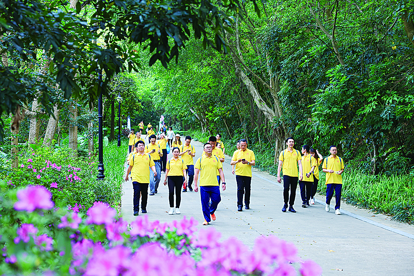 此次徒步路线途经2025粤港澳大湾区花园大赛主展区,沿途杜鹃、紫荆竞相绽放,科技感十足的“智慧花园”与生态景观相映成趣。
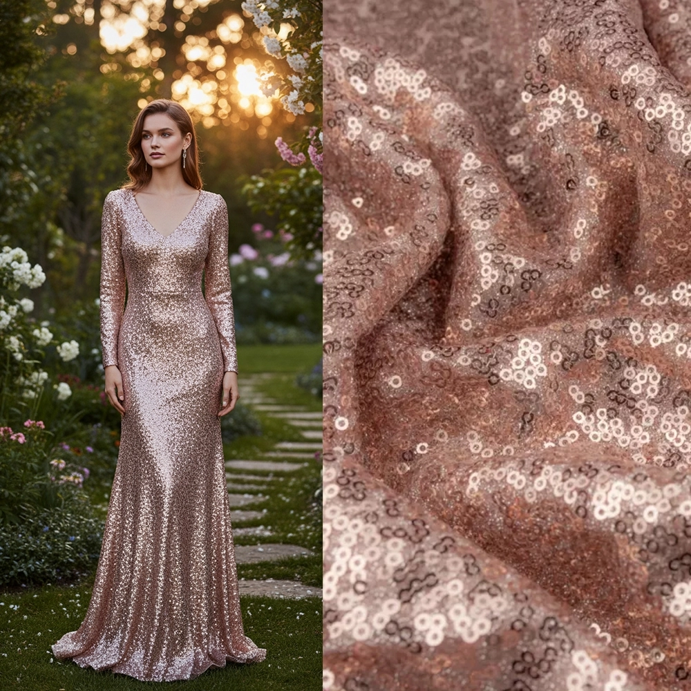 Design: Zart glänzender Tüll mit schimmernden Pailletten in Roségold – für einen edlen Look
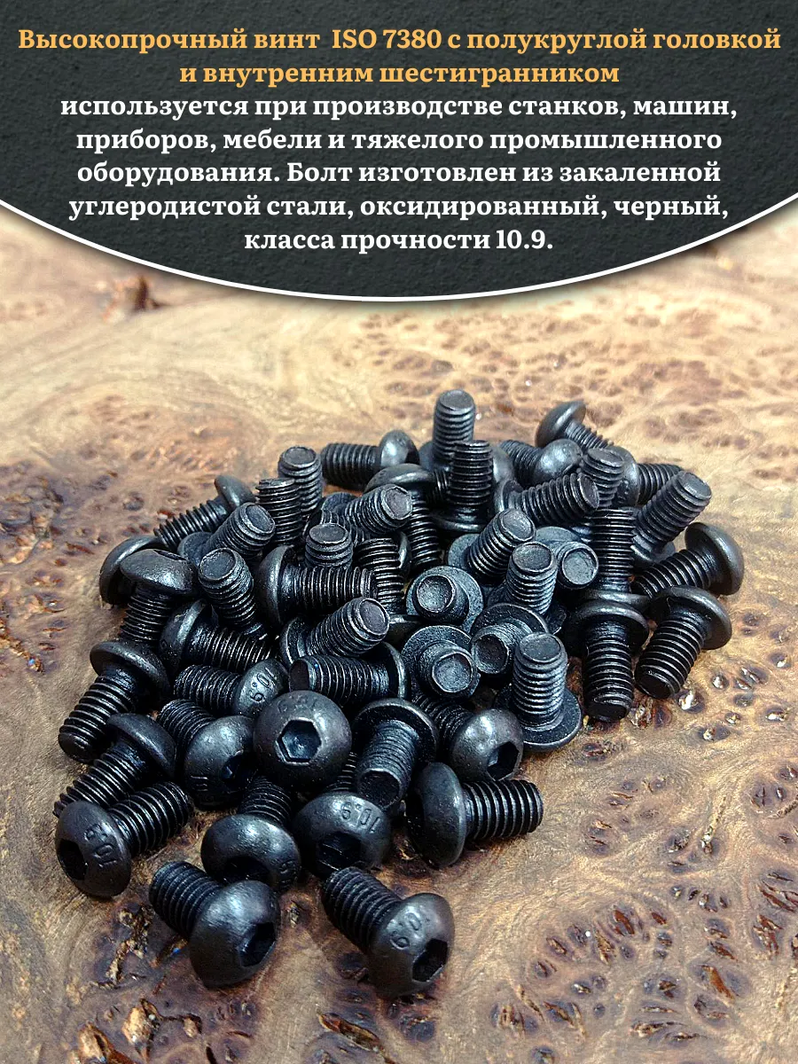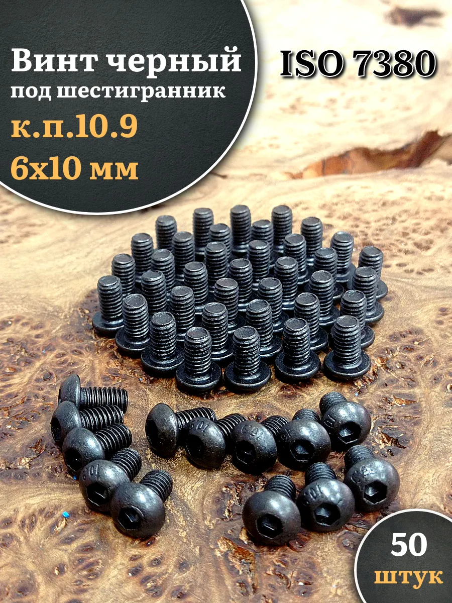 Винт чёрный М6х10 ISO 7380 под шестигранник к.п.10.9, 50 шт.
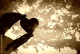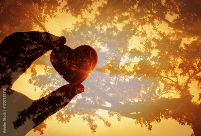 Silhouetted hands holding heart as warm sunset light filters through tree branches, creating a double exposure feel. A romantic, natural moment of love, connection, and peace.
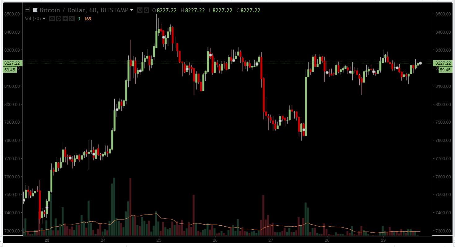 Падение, впрочем, оказалось не долгим: уже вечером в пятницу криптовалюта снова стремительно пошла вверх, быстро вернувшись к прежнему уровню в районе $8200, где с тех пор и остается, демонстрируя в целом здоровую волатильность в пределах ста с небольшим долларов вверх или вниз.
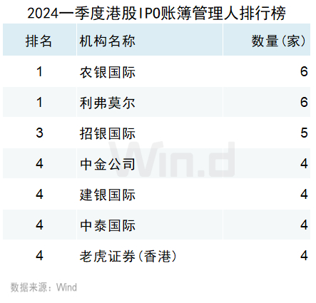 农银国际和利弗莫尔以账簿管理人身份参与了6家IPO,并列第一;招银国际参与了5家IPO,位列第二;中金公司、建银国际、中泰国际和老虎证券(香港)均参与了4家IPO,并列第三。
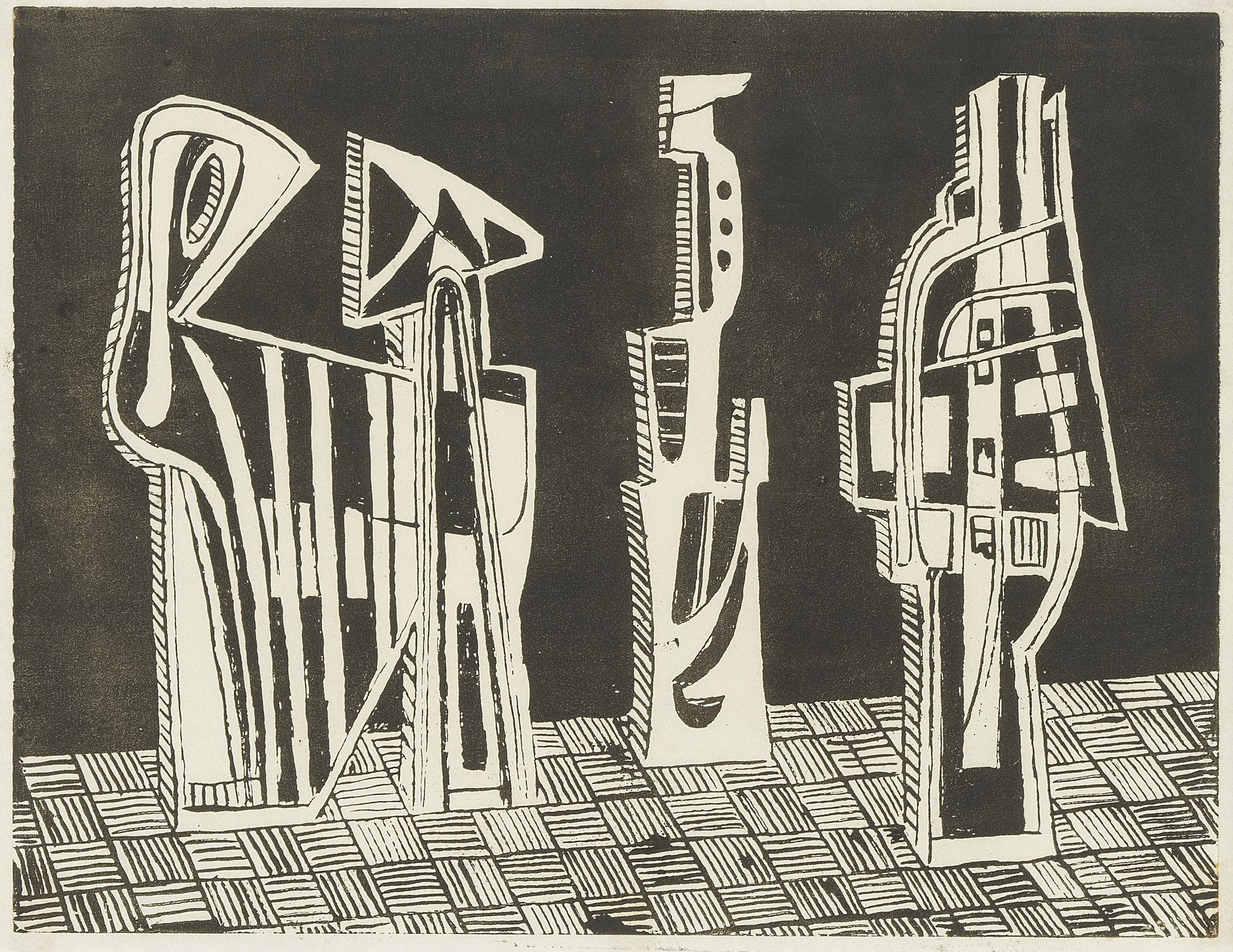 Figures surréalistes, linogravure, 26x34 cm
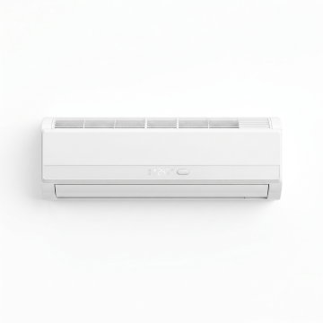 一台挂壁式空调产品图,纯白色机身,表面光滑有细腻的哑光质感,正面下方设有长条形出风口,内部透出柔和的浅蓝色灯光,空调整体呈现简洁现代的设计风格,安装在纯白色背景上,画面光线均匀柔和,无阴影,突出空调的轮廓和细节,无任何文字、logo、二维码及其他装饰元素,专注于展示空调的产品形态和纯净外观。
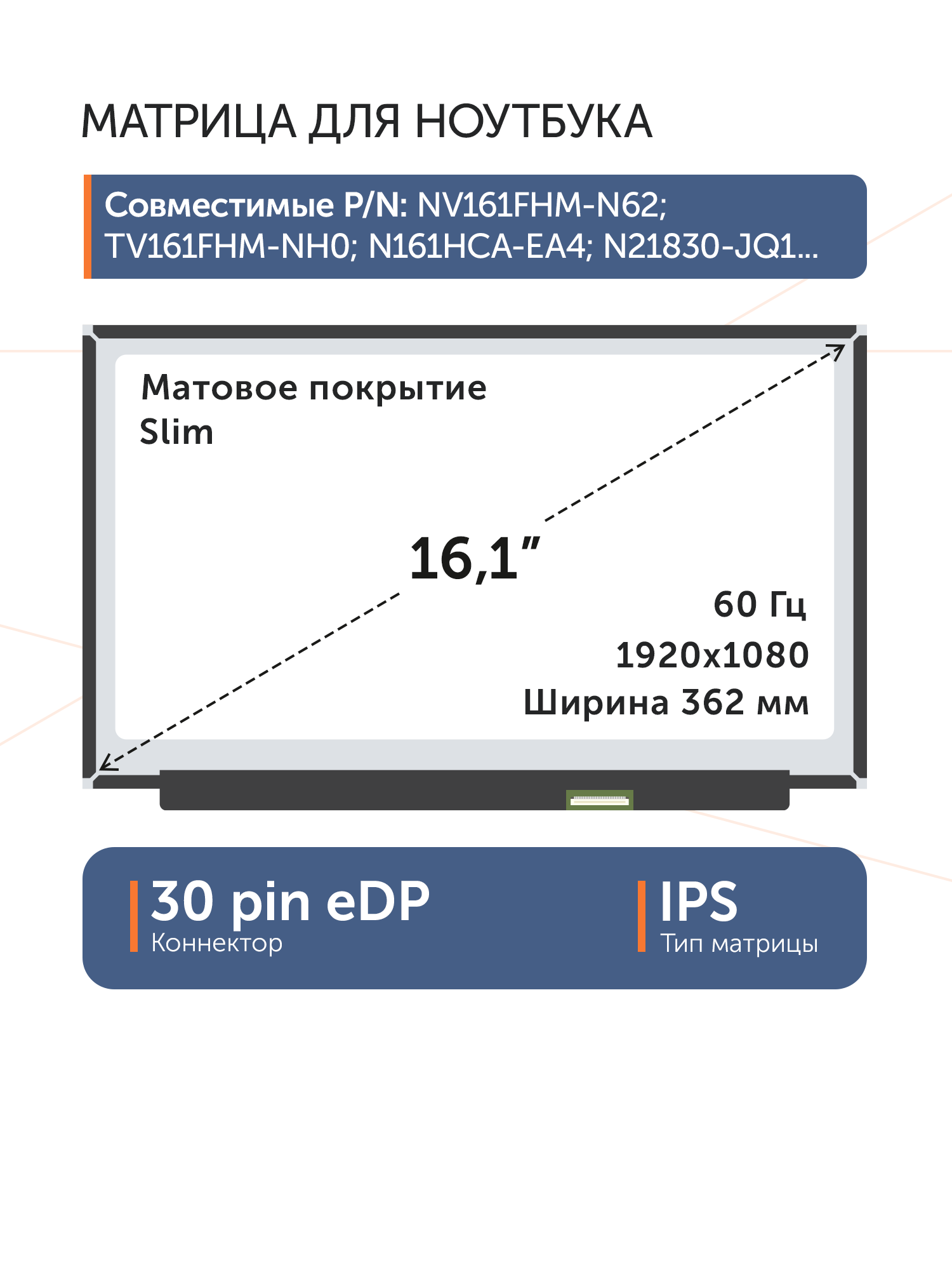 Матрица тонкая (slim), без креплений.Разъем расположен снизу справа на внешней плате.Совместимые модели: N161HCA-EA2, N161HCA-EA3, N161HCA-EAC, NV161FHM-N41, NV161FHM-N61, TV161FHM-NH0
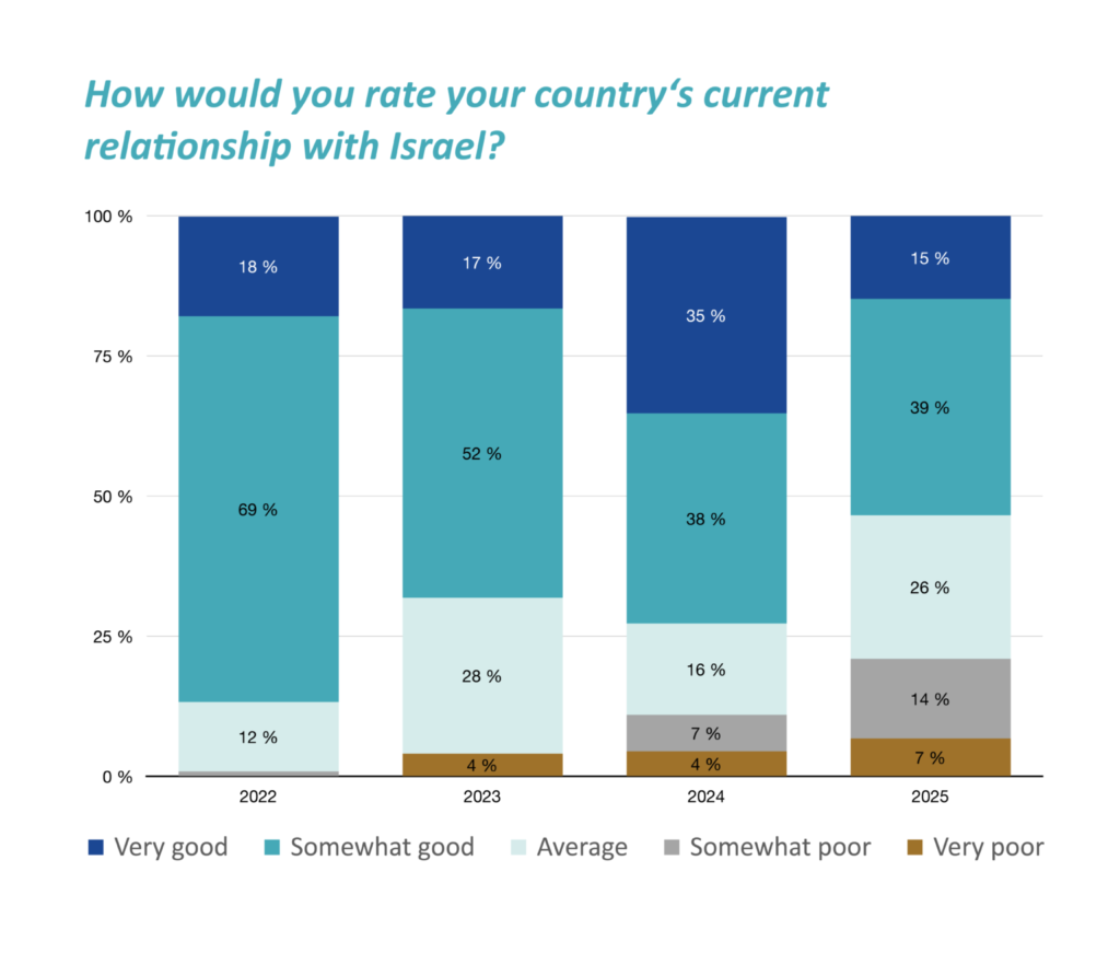 Der er sket en stigning i dem, der mener at deres lands Israel-forhold er dårligt eller meget dårligt.

• **Exercise objective**
Pictures excluded, repeat the records exactly from their opening line through the line containing "一台挂壁式空调产品图,纯白色".

• **Answer for this exercise**
 此次徒步路线途经2025粤港澳大湾区花园大赛主展区,沿途杜鹃、紫荆竞相绽放,科技感十足的“智慧花园”与生态景观相映成趣。
 Design: Zart glänzender Tüll mit schimmernden Pailletten in Roségold – für einen edlen Look
 Винт чёрный М6х10 ISO 7380 под шестигранник к.п.10.9, 50 шт.
 Silhouetted hands holding heart as warm sunset light filters through tree branches, creating a double exposure feel. A romantic, natural moment of love, connection, and peace.
 Падение, впрочем, оказалось не долгим: уже вечером в пятницу криптовалюта снова стремительно пошла вверх, быстро вернувшись к прежнему уровню в районе $8200, где с тех пор и остается, демонстрируя в целом здоровую волатильность в пределах ста с небольшим долларов вверх или вниз.
 农银国际和利弗莫尔以账簿管理人身份参与了6家IPO,并列第一;招银国际参与了5家IPO,位列第二;中金公司、建银国际、中泰国际和老虎证券(香港)均参与了4家IPO,并列第三。
 Figures surréalistes, linogravure, 26x34 cm
 一台挂壁式空调产品图,纯白色机身,表面光滑有细腻的哑光质感,正面下方设有长条形出风口,内部透出柔和的浅蓝色灯光,空调整体呈现简洁现代的设计风格,安装在纯白色背景上,画面光线均匀柔和,无阴影,突出空调的轮廓和细节,无任何文字、logo、二维码及其他装饰元素,专注于展示空调的产品形态和纯净外观。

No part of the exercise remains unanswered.